START Extracted information

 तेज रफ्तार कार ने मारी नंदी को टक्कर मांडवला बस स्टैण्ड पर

END Extracted information
START Extracted information

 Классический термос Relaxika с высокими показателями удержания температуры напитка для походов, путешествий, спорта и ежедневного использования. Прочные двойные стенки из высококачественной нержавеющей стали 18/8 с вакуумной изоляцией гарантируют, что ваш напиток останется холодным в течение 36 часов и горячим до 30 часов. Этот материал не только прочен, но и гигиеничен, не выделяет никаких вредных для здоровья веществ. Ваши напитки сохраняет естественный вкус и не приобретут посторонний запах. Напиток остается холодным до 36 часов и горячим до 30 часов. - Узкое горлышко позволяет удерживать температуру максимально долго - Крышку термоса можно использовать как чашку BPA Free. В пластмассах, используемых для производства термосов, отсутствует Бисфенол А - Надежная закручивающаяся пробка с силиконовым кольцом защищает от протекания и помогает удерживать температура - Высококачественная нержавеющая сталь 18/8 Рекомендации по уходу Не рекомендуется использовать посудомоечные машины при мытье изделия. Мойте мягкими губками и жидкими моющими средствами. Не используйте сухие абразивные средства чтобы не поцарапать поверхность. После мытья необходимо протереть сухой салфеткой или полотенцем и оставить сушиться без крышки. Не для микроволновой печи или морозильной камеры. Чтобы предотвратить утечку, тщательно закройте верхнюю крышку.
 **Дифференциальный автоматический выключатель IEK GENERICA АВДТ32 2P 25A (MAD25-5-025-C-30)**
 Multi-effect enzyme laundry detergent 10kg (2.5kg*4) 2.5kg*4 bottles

END Extracted information

### Exercise goal
Look through the entries above and quote exactly the lines from the line with "2P 25A (MAD25-5-025-C-30)**" to the line with "Multi-effect enzyme laundry", counting both of those lines.

### Reply to the exercise
 **Дифференциальный автоматический выключатель IEK GENERICA АВДТ32 2P 25A (MAD25-5-025-C-30)**
 Multi-effect enzyme laundry detergent 10kg (2.5kg*4) 2.5kg*4 bottles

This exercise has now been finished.